Fitch Rates WBC's Series 2015-C5 EUR1bn Covered Bonds 'AAA'; Outlook Stable
KEY RATING DRIVERS
The rating is based on WBC's Long-Term Issuer Default Rating (IDR) of 'AA-', a Discontinuity Cap (D-Cap) of 3 (moderate high), and an asset percentage (AP) of 89.0%, which provides a small buffer to Fitch's break-even AP of 89.5%. This supports a tested rating of 'AA' on a probability of default (PD) basis, and a 'AAA' rating after giving credit for recoveries. The Outlook on the covered bonds reflects the Stable Outlook on WBC's IDR.
The 'AAA' break-even AP of 89.5%, corresponding to a break-even overcollateralisation (OC) of 11.7%, is driven by the asset disposal loss component of 15.2%. This is down from 16.6% due to an improvement of the asset and liability mismatch as the result of the recent maturity on 17 July of AUD1.96bn of bonds, and the new issuance having a longer tenor. This is followed by the cover pool's credit loss of 4.2% in a 'AAA' scenario. The cash-flow valuation component reduces the 'AAA' break-even OC by 6.7%. This is due to the longer weighted-average life of the assets versus the outstanding liabilities and the excess spread available under the programme.
Maturity mismatches are significant, with the weighted-average residual life of the assets at 15.4 and the liabilities at 3.7 years.

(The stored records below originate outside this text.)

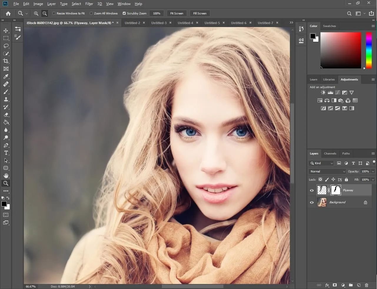 маску слоя черным цветом, чтобы проявить растрепанные пряди волос.
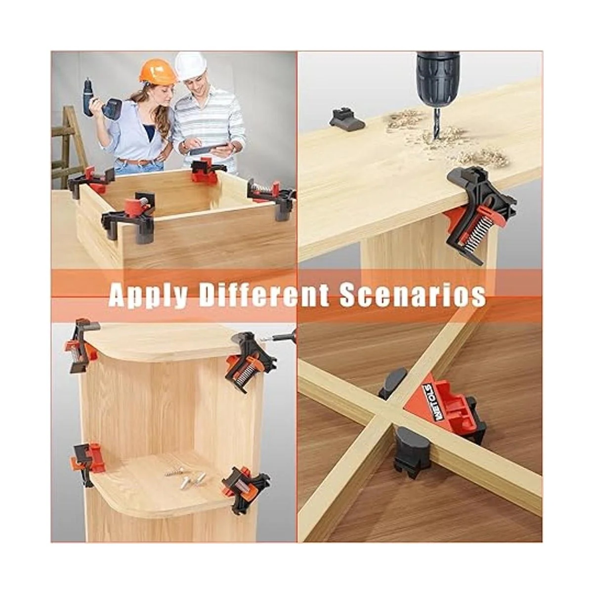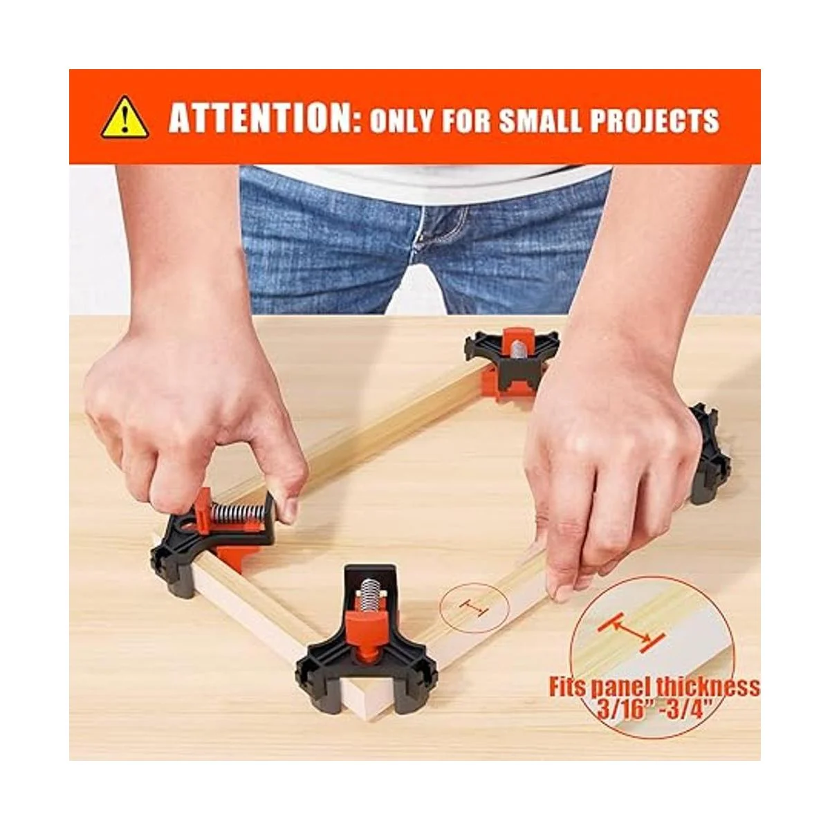 Ajustable y preciso: tablas y marcos de madera de fijación rápida en un ángulo de 90 grados. Se adapta a tablas con un grosor de 3/16 a 3/4 pulgadas para esquinas de 90 grados y juntas en T.
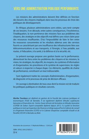En Afrique, plusieurs administrations sont créées, sans tenir compte des besoins des citoyens. Cet ouvrage propose une gestion basée sur la performance, démontrant les liens entre les problèmes des citoyens et les missions, la vision, les stratégies, les objectifs, les moyens, les systèmes d'information et d'organisation, les procédures et le système de supervision, les règles et valeurs à respecter à chaque étape. Ces éléments, qualifiés de chaîne de performance, constituent un tout indissociable. Sont également traités les concepts d'administration, d'organisation, de diagnostic et le processus de prise de décision efficace.

Fitch, in a deviation from our APAC Residential Mortgage Criteria, used a delinquency multiple of 2x on the WA frequency of foreclosure of 7.3% at the tested rating ('AA') on a PD basis. In our cash-flow modelling of the asset cash flows, this multiple stresses the level of loans falling delinquent in the cover pool over a period of time, curing thereafter.
RATING SENSITIVITIES
The 'AAA' rating would be vulnerable to a downgrade should any of the following occur: WBC's IDR is downgraded by three notches; the D-Cap falls by more than two categories; or the AP that Fitch takes into account in our analysis rises above the 'AAA' break-even AP of 89.5%.

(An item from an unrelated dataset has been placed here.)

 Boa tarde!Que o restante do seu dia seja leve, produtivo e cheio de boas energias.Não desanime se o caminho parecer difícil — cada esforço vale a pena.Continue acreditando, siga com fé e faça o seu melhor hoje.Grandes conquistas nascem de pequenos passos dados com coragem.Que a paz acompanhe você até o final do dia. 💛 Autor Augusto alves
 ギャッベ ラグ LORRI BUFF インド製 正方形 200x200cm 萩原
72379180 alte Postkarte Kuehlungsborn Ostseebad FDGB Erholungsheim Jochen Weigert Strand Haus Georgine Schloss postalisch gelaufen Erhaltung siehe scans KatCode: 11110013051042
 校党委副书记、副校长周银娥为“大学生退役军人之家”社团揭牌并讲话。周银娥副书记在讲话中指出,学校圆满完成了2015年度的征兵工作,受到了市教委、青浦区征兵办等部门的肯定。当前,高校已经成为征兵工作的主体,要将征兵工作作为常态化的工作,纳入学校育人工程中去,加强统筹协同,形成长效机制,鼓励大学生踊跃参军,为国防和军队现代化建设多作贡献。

Fitch's 'AAA' breakeven AP for the covered bond rating will be affected, among others, by the profile of the cover assets relative to outstanding covered bonds, which can change over time, even in the absence of new issuance. Therefore the 'AAA' break-even AP to maintain the covered bond rating can not be assumed to remain stable over time.